### [HOW TO COMPLETE THIS TASK]
Every line of the listing below from the one with "As for what" up to and including the one with "Badger jaw bone" should be retyped exactly, and nothing else; pictures are not part of the copy.

### [WORKING DATA]
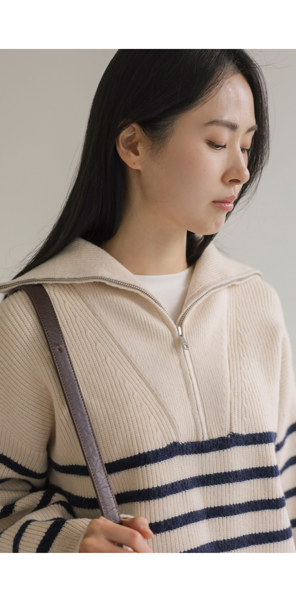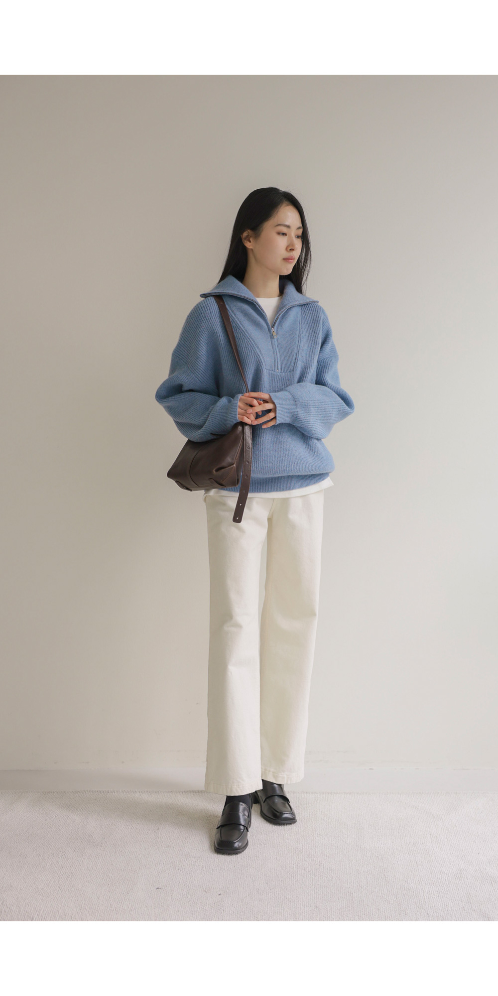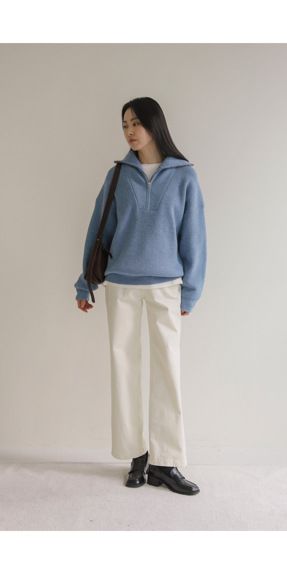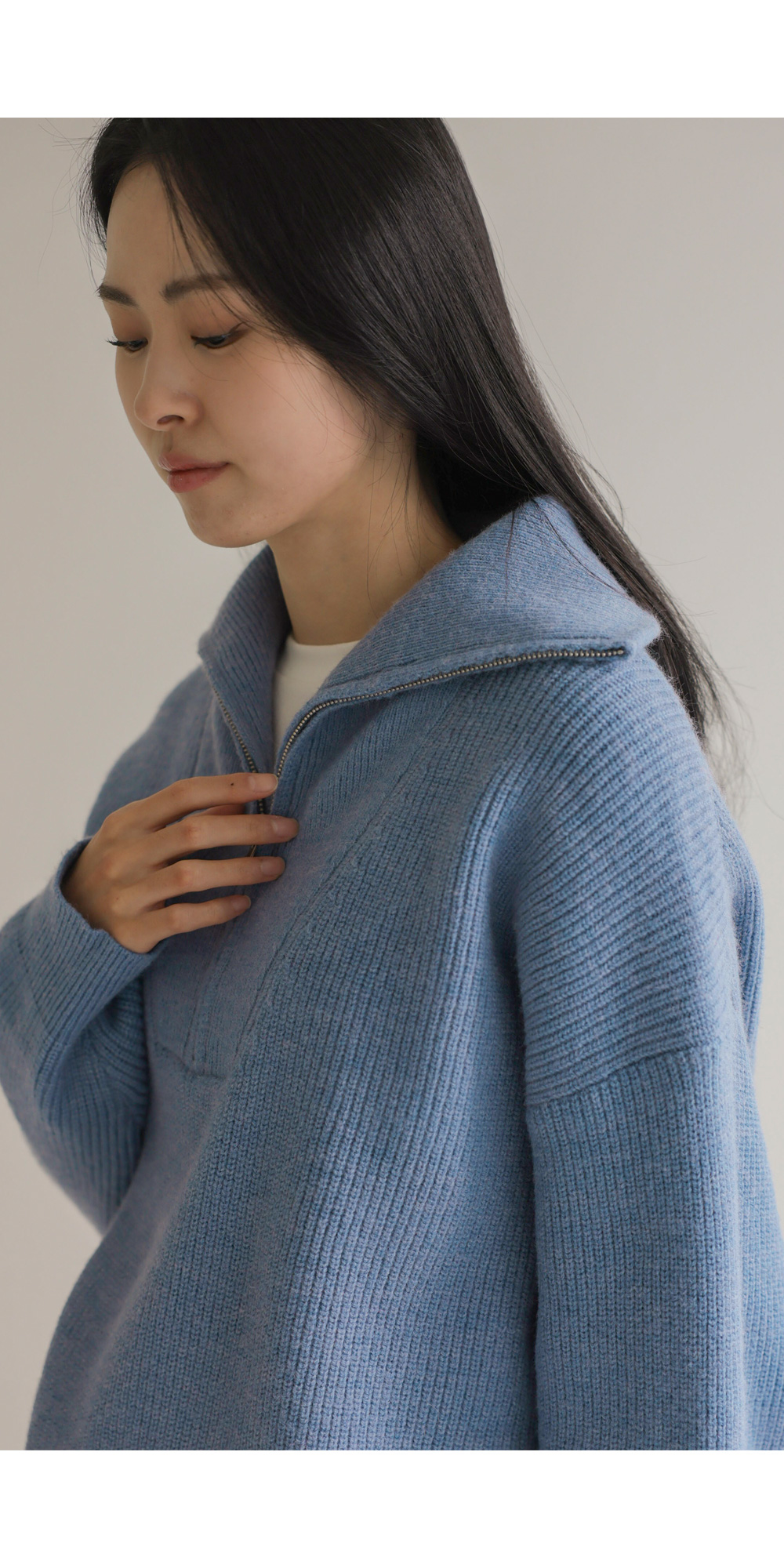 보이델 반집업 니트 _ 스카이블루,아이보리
* * *
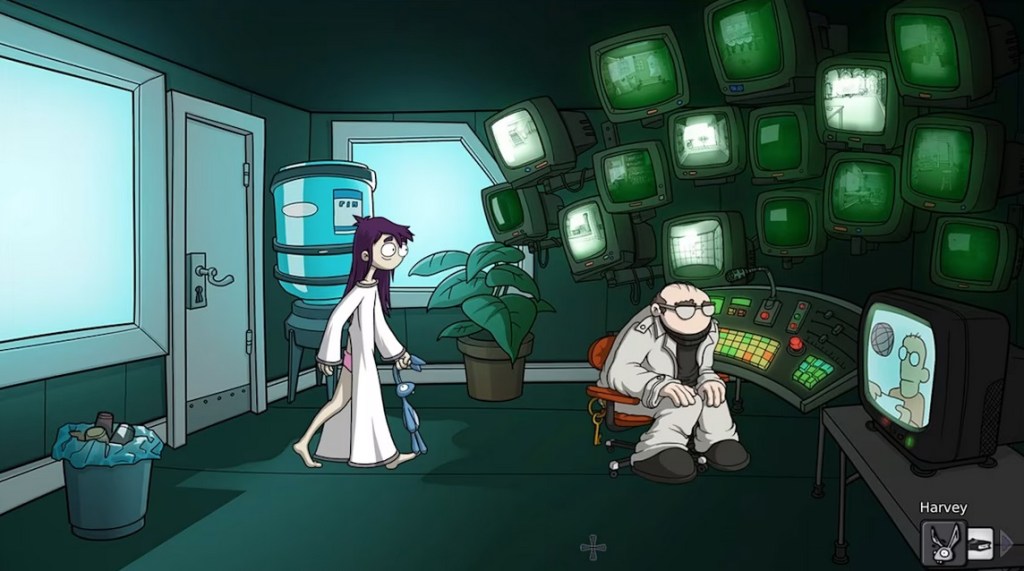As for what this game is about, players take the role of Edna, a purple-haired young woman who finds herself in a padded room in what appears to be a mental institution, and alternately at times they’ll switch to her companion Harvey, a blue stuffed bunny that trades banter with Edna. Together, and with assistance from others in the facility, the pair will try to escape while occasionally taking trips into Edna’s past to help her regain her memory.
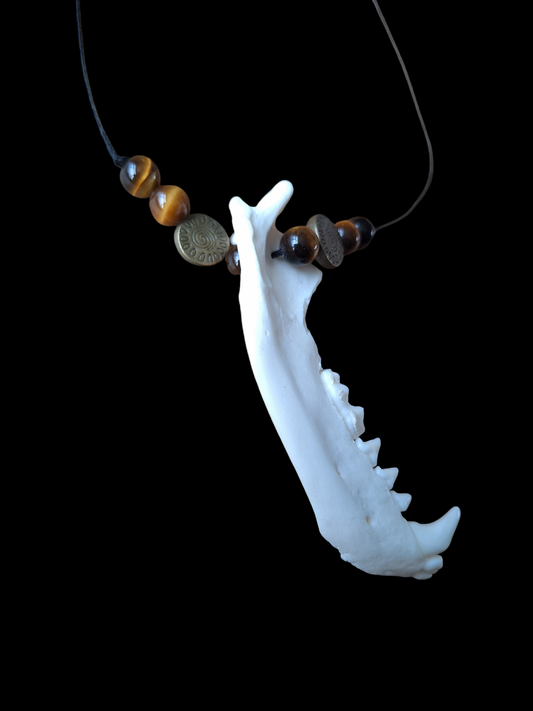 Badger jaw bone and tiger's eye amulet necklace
---
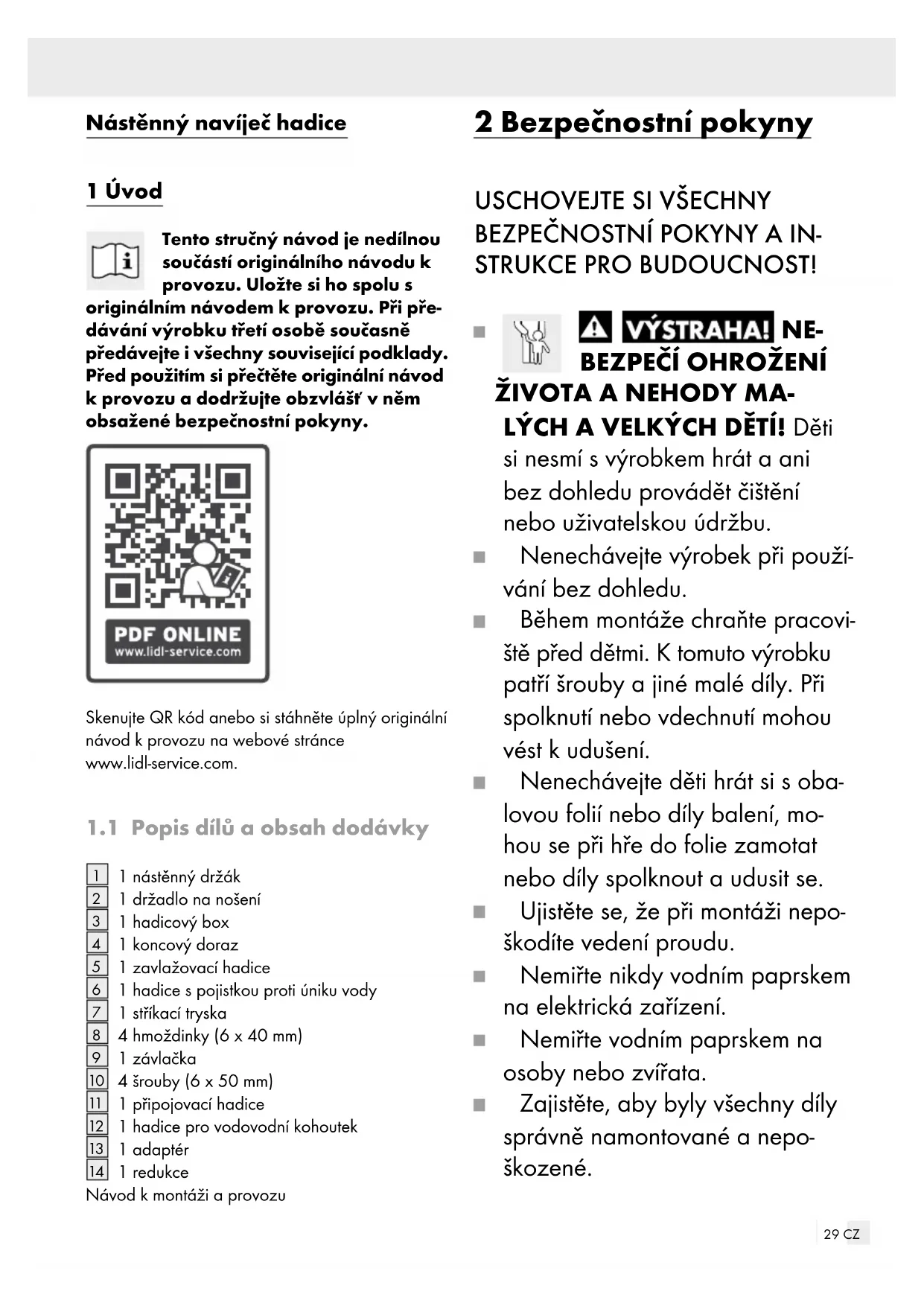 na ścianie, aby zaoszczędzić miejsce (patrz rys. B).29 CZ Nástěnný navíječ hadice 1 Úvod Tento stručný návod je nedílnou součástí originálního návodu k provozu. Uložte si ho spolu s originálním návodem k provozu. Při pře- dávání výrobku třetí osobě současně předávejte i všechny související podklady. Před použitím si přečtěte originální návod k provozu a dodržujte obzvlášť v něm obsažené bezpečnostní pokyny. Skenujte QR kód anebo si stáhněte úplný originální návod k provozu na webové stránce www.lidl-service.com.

### [SOLUTION FOR THIS PROBLEM]
As for what this game is about, players take the role of Edna, a purple-haired young woman who finds herself in a padded room in what appears to be a mental institution, and alternately at times they’ll switch to her companion Harvey, a blue stuffed bunny that trades banter with Edna. Together, and with assistance from others in the facility, the pair will try to escape while occasionally taking trips into Edna’s past to help her regain her memory.
 Badger jaw bone and tiger's eye amulet necklace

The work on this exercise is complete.